▶ _AVAILABLE DATA_
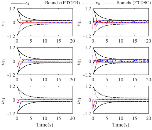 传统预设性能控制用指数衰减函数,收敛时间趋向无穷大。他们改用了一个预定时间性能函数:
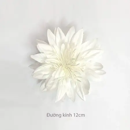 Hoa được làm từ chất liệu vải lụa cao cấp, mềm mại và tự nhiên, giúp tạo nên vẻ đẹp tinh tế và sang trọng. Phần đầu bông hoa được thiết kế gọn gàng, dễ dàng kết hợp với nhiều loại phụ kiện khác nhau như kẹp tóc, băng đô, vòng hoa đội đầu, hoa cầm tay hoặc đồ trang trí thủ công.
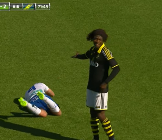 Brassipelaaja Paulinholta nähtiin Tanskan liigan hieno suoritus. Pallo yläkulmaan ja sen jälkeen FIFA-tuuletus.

...

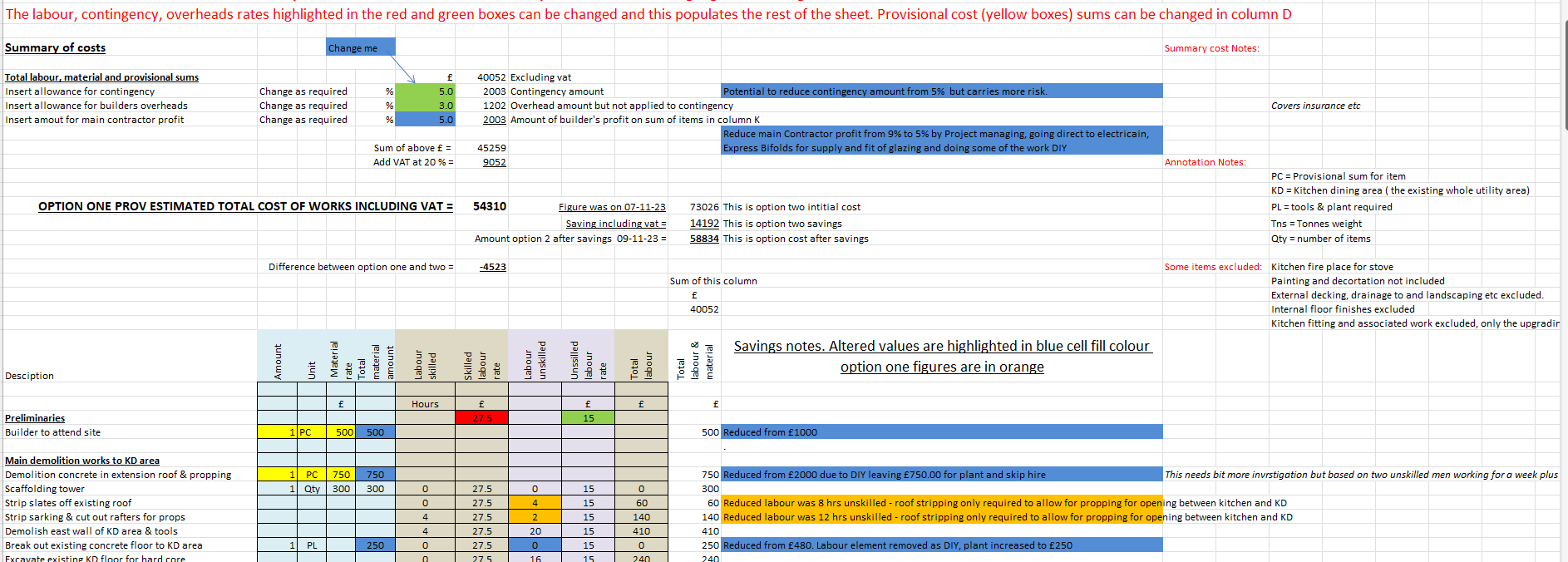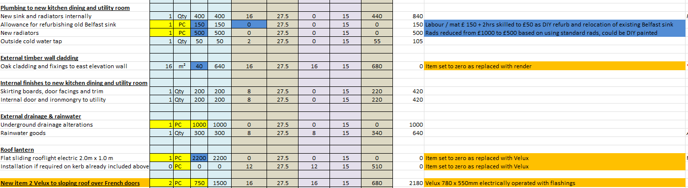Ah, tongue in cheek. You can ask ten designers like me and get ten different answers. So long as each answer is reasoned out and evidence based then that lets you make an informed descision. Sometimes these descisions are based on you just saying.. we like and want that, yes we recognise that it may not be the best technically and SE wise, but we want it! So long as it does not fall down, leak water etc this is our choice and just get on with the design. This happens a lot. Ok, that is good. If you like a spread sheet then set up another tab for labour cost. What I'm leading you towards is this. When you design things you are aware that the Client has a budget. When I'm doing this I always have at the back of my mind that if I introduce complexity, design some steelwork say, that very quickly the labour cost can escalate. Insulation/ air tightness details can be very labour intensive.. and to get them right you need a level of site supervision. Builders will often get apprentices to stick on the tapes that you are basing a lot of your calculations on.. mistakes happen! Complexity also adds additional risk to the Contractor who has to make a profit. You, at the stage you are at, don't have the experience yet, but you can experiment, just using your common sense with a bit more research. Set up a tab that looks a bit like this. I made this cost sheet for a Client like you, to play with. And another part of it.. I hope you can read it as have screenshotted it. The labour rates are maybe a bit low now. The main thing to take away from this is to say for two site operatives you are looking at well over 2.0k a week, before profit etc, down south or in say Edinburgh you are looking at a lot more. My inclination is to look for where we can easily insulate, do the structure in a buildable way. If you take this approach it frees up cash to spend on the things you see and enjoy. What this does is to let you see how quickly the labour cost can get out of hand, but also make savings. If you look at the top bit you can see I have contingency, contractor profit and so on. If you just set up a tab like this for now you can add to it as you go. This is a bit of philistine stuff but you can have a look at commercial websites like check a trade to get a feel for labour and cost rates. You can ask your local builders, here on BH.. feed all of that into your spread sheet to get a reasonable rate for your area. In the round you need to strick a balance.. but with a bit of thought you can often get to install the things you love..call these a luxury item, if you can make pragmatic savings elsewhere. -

▶ _TASK BRIEF_
Would you copy the lines above exactly, starting with the one that has "传统预设性能控制用指数衰减函" and ending with the one that has "Brassipelaaja Paulinholta nähtiin", both included, without the pictures?

▶ _EXPECTED ANSWER_
 传统预设性能控制用指数衰减函数,收敛时间趋向无穷大。他们改用了一个预定时间性能函数:
 Hoa được làm từ chất liệu vải lụa cao cấp, mềm mại và tự nhiên, giúp tạo nên vẻ đẹp tinh tế và sang trọng. Phần đầu bông hoa được thiết kế gọn gàng, dễ dàng kết hợp với nhiều loại phụ kiện khác nhau như kẹp tóc, băng đô, vòng hoa đội đầu, hoa cầm tay hoặc đồ trang trí thủ công.
 Brassipelaaja Paulinholta nähtiin Tanskan liigan hieno suoritus. Pallo yläkulmaan ja sen jälkeen FIFA-tuuletus.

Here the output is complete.